Exercise objective -
What is needed is an exact repetition of the lines below, from the first one through the one holding "醫(yī)心為民,行正道致遠 | 2024新年獻詞", with no pictures and nothing else.

Available data -
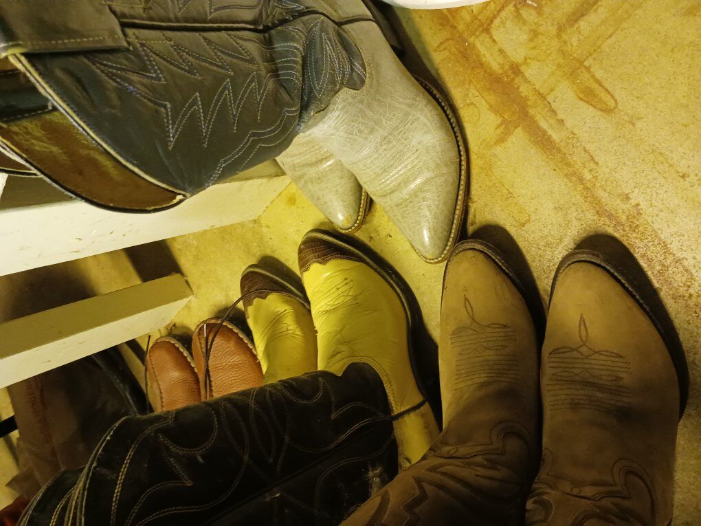 Size 6 1/2D in the Two-toned brown boots and the brown boots. Size 6D in the Two-toned gray boots. Size 7 Airwalk men's shoes.
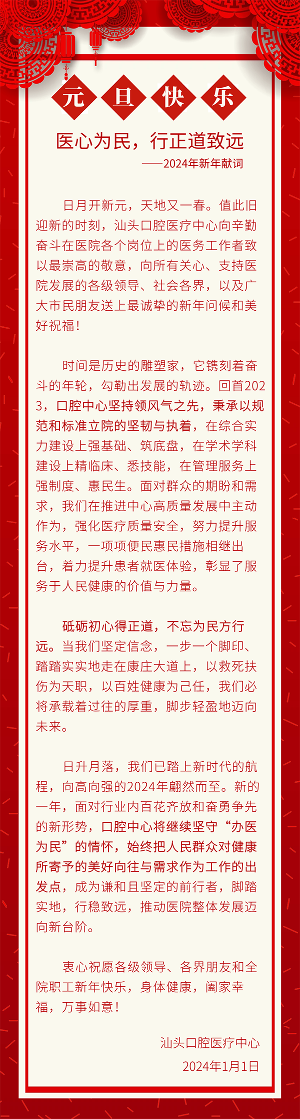 醫(yī)心為民,行正道致遠 | 2024新年獻詞
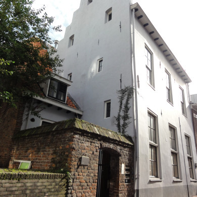 "Besiendershuis". Laat-gotisch woonhuis van het Nederrijnse type met zadeldak, evenwijdig aan de straat, tussen trapgevels aan de korte zijden. Geprofileerde waterlijsten, vensters met kruiskozijnen, gevat binnen korfbogige nissen of met ontlastingsbogen; vorkankers. Gerestaureerd 1941-'44.
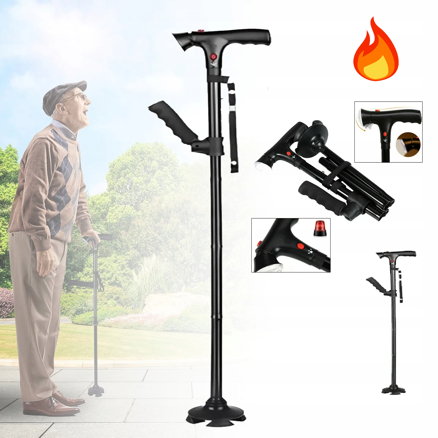 Складається так само легко, як парасолька, а нейлоновий ремінь полегшує зберігання. Ідеально підходить для подорожей або подорожей на приватному автомобілі. Просто відпустіть засув, і тростина автоматично розгорнеться.
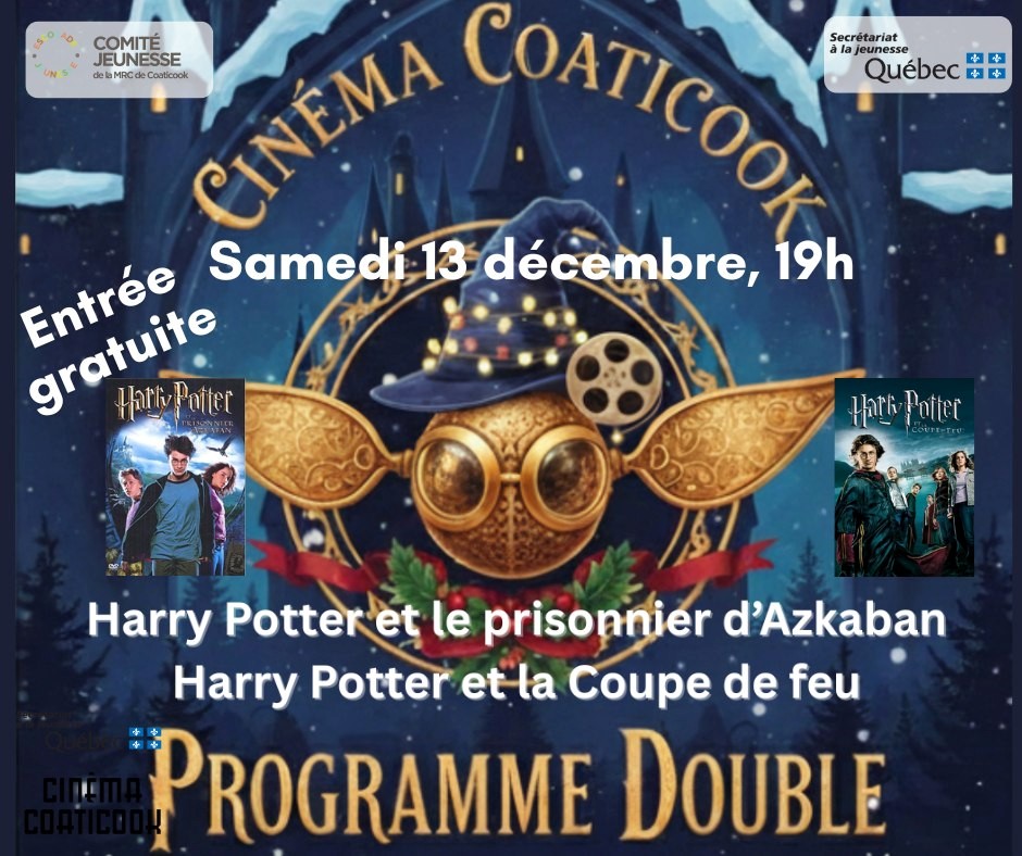 L’Escouade jeunesse de la MRC de Coaticook, vous invite à l’événement « Une Soirée au Ciné – Spécial Harry Potter », qui se tiendra le samedi 13 décembre, à 19h, au Cinéma de Coaticook.
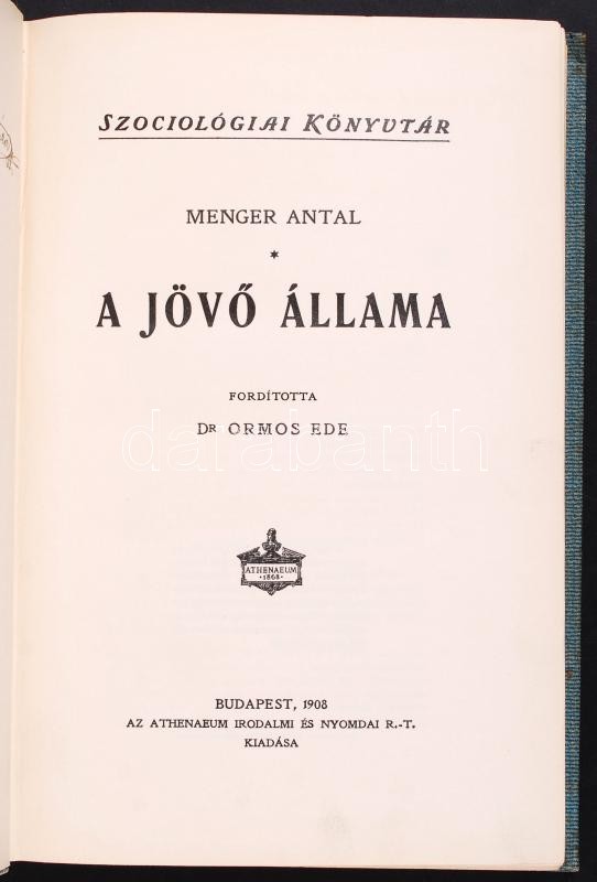 Menger Antal: A jövő állama. Szociológiai Könyvtár, Fordította: Dr. Or... https://www.darabanth.com/hu/201-Gyorsarveres/201.0/Festmeny-mutargy-papirregiseg-egyeb/Konyvek-Tudomany~200029/Menger-Antal-A-jovo-allama-Szociologiai-Konyvtar-Forditotta-Dr-Ormos-Ede-Bp-1908-Ath~II769370
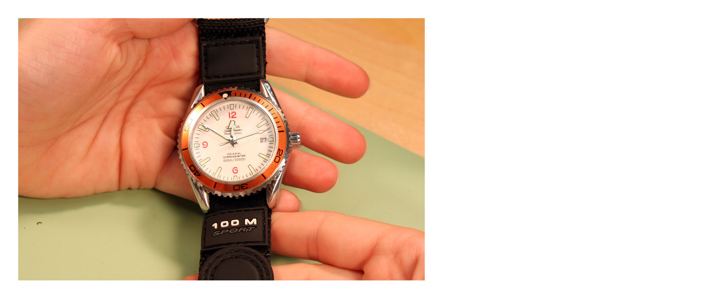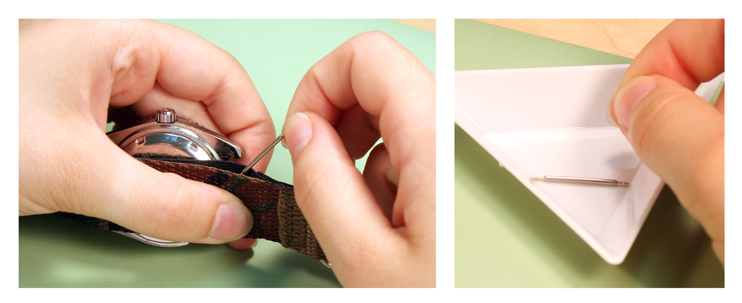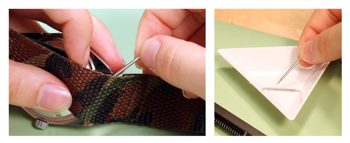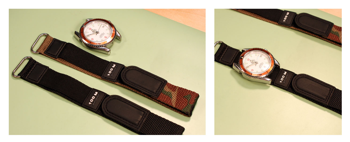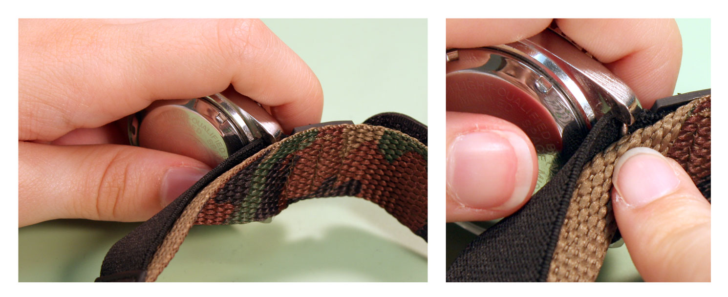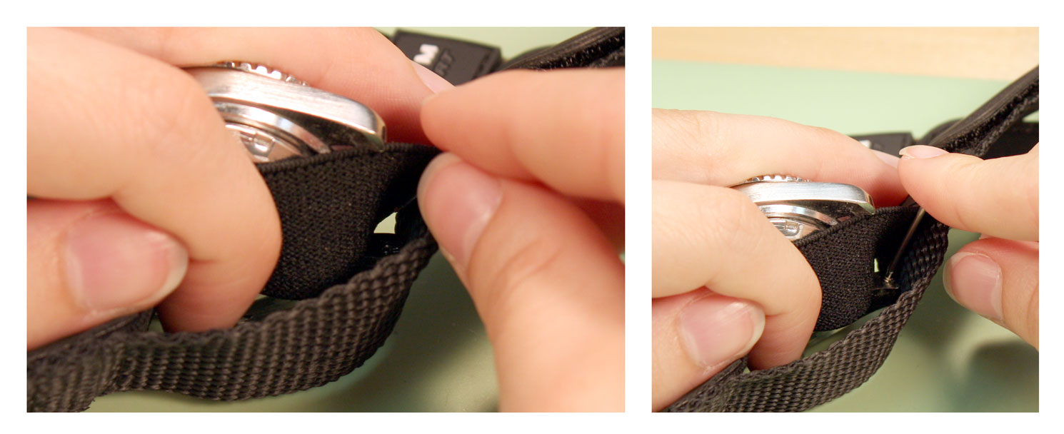 How to Replace a VELCRO AND NYLON SPORT Watch BandJust like any other watch band, you can replace the band when it starts to wear out, or just replace the band to change the style. The nylon and Velcro style watch bands are extra flexible because they can attach to any watch case that holds the band in place with spring bars. To change a nylon and Velcro band or add one to your watch, you can use this guide on how to remove and replace your rubber watch band. Tools Needed: Step 1#1) The first step is to remove the old band from your watch case. Take the watch in your hand and hold the case so that the back is facing you, balanced on its side. You should be able to see the top edge of one spring bar here ¨C you may have to move the nylon back to reach the spring bar. Step 2#2) Take your spring bar tool and insert the forked end into the space there so it sits above the donut ring holding it in place. With the point held against the donut ring on the spring bar, push down so the band collapses in on itself. Then push the spring bar out from under the lugs. Step 3#3) Once the spring bar is free of the lug, it should fall free onto your work surface. Pick it up and put it in your parts tray to keep it from getting lost. The first side of the watch case will be free of the elastic strap on the band now. Step 4#4) Turn the watch around so that you can access the other set of watch lugs from the back of the watch case. Again, pull back the nylon back strap to expose the spring bar if necessary. Step 5#5) Take the forked end of your spring bar tool and insert it between the lugs so that it catches above the donut ring on the spring bar. Push down on the spring bar with your spring bar tool until it collapses and you can slide the end out from under the watch lugs.
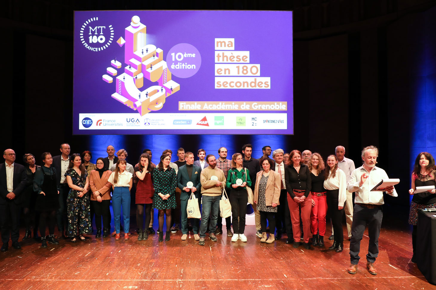 Les doctorantes et doctorants de l’Université Grenoble Alpes et de l’Université Savoie Mont Blanc étaient sur la grande scène de l’Auditorium de la MC2 devant une salle comble à Grenoble ce mardi 21 mars 2023 pour la 10e édition de la finale académique du concours Ma thèse en 180 secondes (MT180). Le public venu très nombreux pour soutenir les 16 finalistes et présent aussi en direct sur le live YouTube avec déjà 1 300 vues au lendemain de la finale.
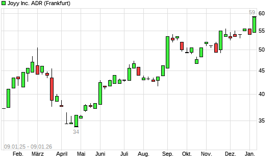 Mit dem Anstieg auf 59,00 EUR hat die JOYY-Aktie (ISIN US46591M1099) am 09.01.2026 ein neues 3-Jahres-Hoch erreicht und damit den Kurs vom 08.01.2026 eingestellt.Die JOYY-Aktie befindet sich ...weiterlesen
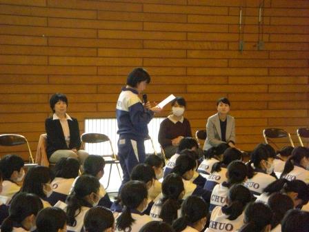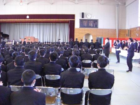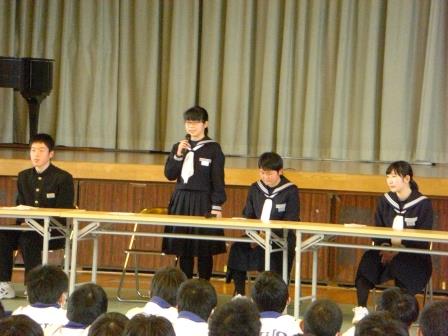 主に先輩方からは、その高校への志願の動機、将来の夢、進路決定までの経緯、勉強時間や勉強方法、部活動での取り組み方、受験アドバイスやメッセージについての話があり、来年と再来年に受験を控えている多くの生徒達は、真剣の先輩方の話を聞いていました
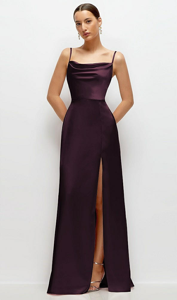 Cowl Neck Satin Maxi Dress with Adjustable Spaghetti Straps in Deep Plum

Response box -
 Size 6 1/2D in the Two-toned brown boots and the brown boots. Size 6D in the Two-toned gray boots. Size 7 Airwalk men's shoes.
 醫(yī)心為民,行正道致遠 | 2024新年獻詞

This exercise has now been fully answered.